- _EXERCISE DIRECTIONS_:
With pictures excluded, copy word for word the lines in the data below from the line containing "导师研究研讨会和以往线下研讨" through the line containing "Хорошо, вот промт".

- _WORKING DATA_:
Start of Block
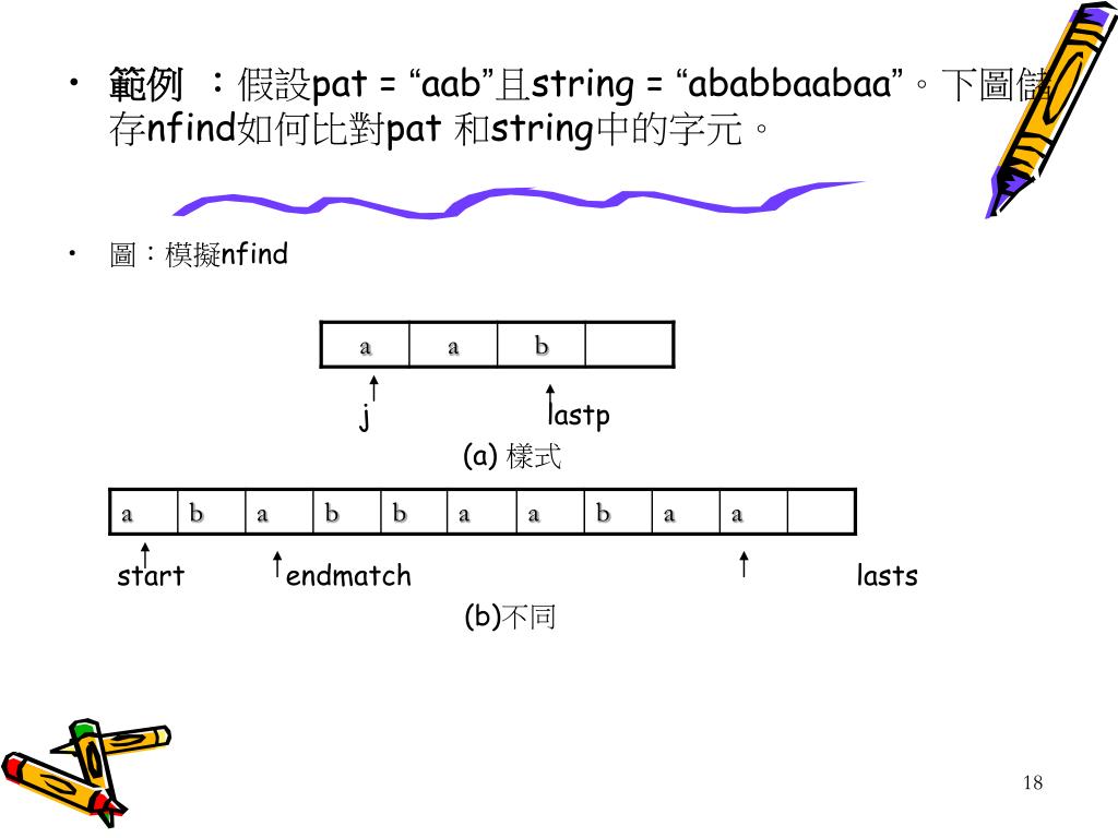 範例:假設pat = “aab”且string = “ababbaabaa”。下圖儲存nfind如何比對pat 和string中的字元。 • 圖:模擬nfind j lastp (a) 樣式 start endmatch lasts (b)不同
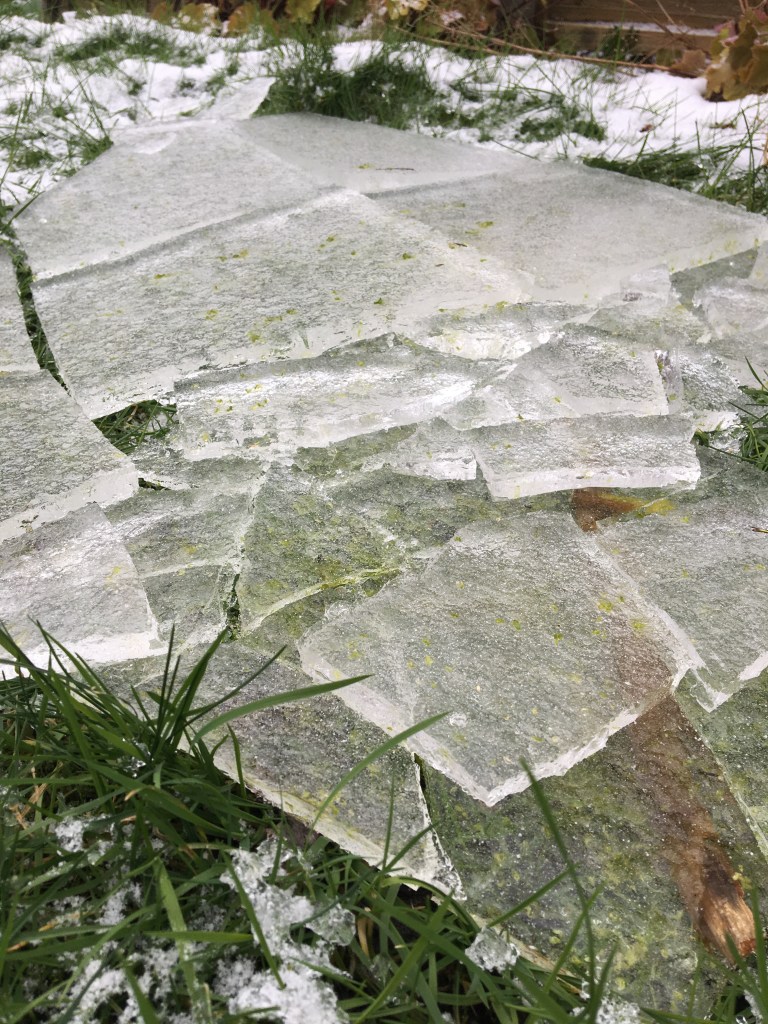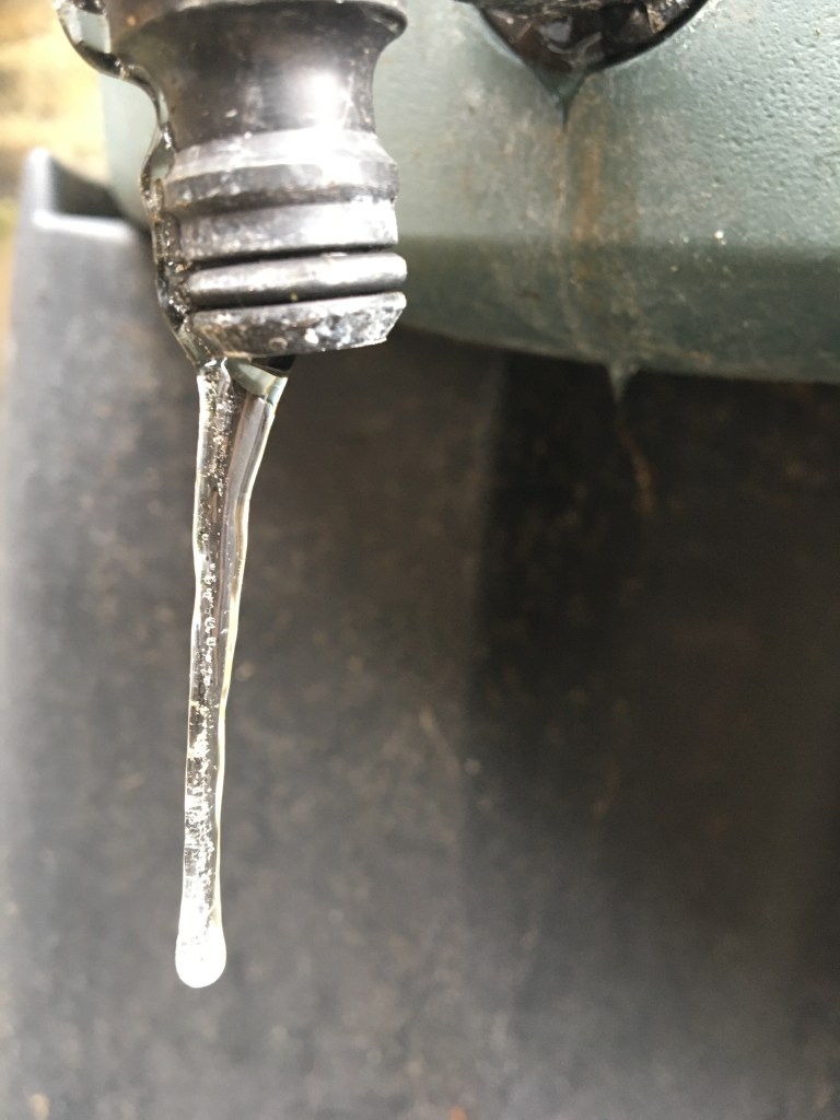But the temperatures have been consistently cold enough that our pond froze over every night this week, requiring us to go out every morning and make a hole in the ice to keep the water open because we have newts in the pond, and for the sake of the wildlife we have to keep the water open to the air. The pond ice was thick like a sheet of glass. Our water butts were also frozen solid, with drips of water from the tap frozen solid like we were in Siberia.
End of Block
Start of Block
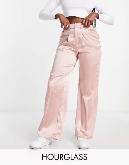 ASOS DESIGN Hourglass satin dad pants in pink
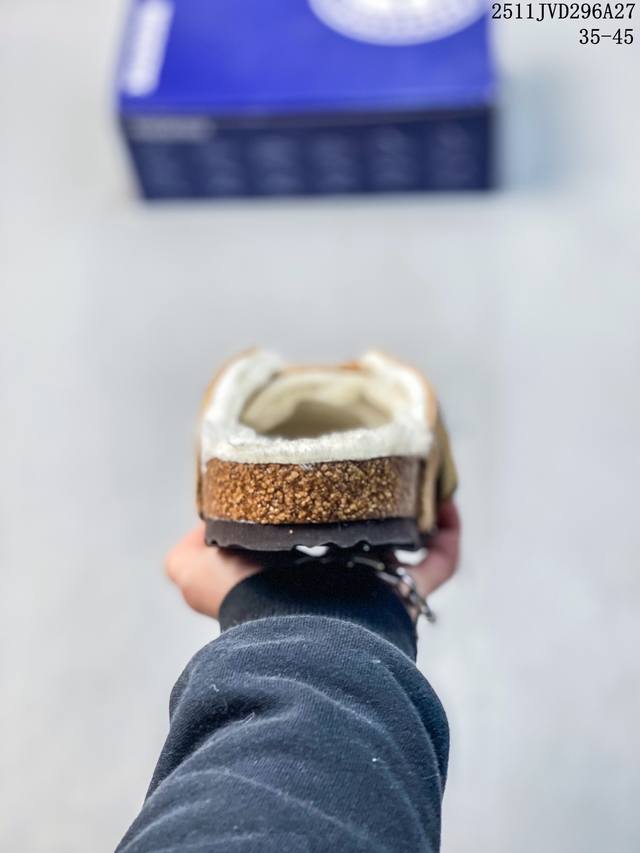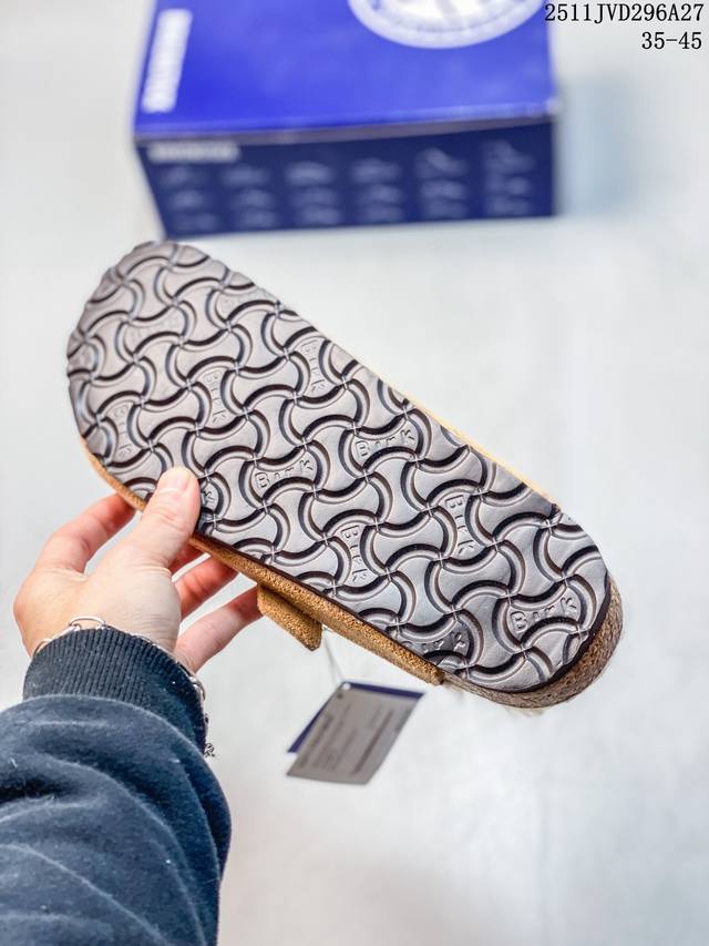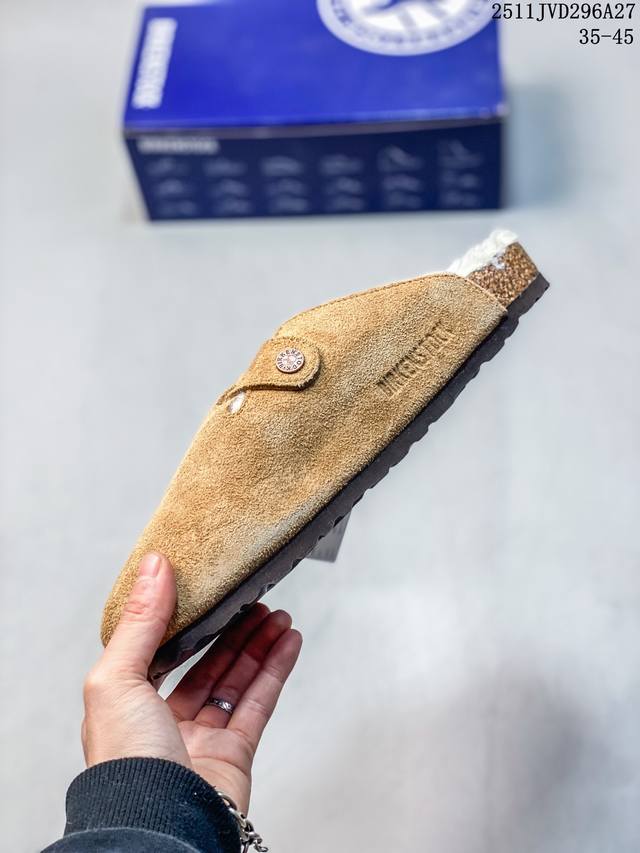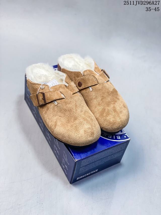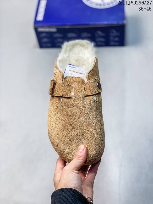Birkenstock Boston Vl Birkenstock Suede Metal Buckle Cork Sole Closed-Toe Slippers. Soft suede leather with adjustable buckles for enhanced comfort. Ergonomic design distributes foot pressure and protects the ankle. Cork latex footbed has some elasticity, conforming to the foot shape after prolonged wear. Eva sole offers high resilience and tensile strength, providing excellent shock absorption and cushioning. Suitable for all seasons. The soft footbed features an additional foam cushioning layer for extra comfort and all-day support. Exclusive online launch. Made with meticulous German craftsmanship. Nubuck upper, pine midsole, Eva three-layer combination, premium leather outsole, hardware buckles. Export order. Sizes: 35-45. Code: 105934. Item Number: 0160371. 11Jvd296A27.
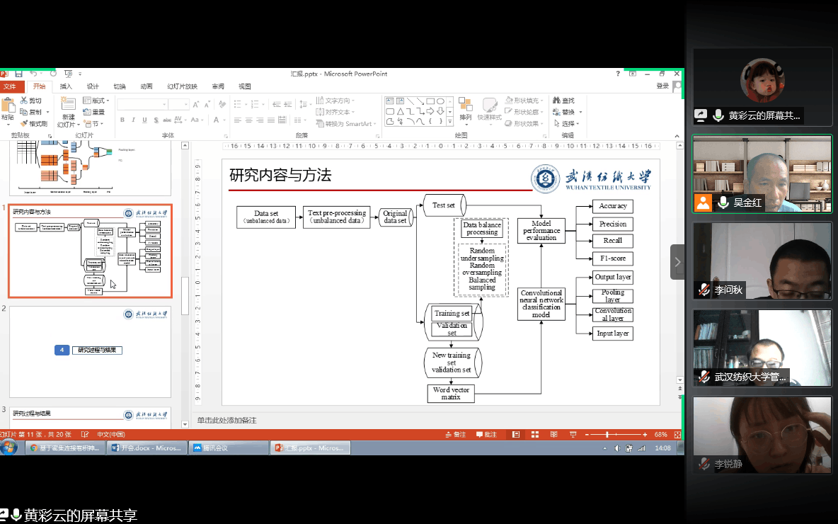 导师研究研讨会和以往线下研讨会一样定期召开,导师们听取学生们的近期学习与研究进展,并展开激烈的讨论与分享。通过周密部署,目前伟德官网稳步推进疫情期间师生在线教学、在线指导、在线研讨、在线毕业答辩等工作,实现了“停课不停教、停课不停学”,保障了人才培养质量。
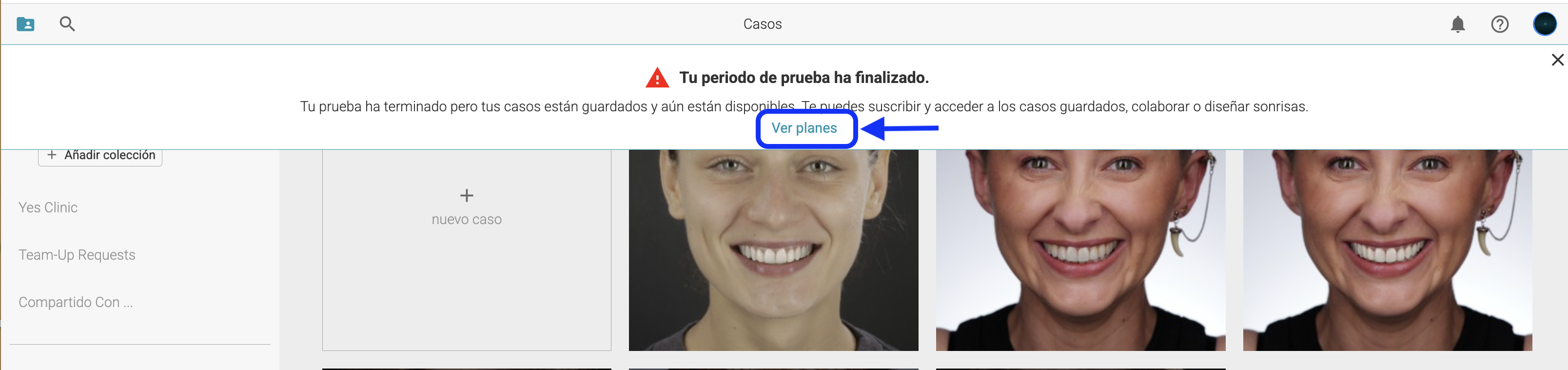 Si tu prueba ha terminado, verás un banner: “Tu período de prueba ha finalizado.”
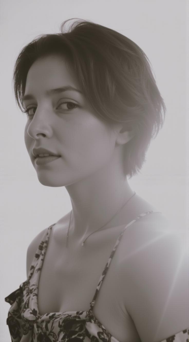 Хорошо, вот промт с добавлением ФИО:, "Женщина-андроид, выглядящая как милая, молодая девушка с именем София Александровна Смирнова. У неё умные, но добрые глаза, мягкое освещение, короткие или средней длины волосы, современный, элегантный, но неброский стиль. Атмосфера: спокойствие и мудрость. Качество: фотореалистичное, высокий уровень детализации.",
End of Block
- _ANSWER TO THIS TASK_:
 导师研究研讨会和以往线下研讨会一样定期召开,导师们听取学生们的近期学习与研究进展,并展开激烈的讨论与分享。通过周密部署,目前伟德官网稳步推进疫情期间师生在线教学、在线指导、在线研讨、在线毕业答辩等工作,实现了“停课不停教、停课不停学”,保障了人才培养质量。
 Si tu prueba ha terminado, verás un banner: “Tu período de prueba ha finalizado.”
 Хорошо, вот промт с добавлением ФИО:, "Женщина-андроид, выглядящая как милая, молодая девушка с именем София Александровна Смирнова. У неё умные, но добрые глаза, мягкое освещение, короткие или средней длины волосы, современный, элегантный, но неброский стиль. Атмосфера: спокойствие и мудрость. Качество: фотореалистичное, высокий уровень детализации.",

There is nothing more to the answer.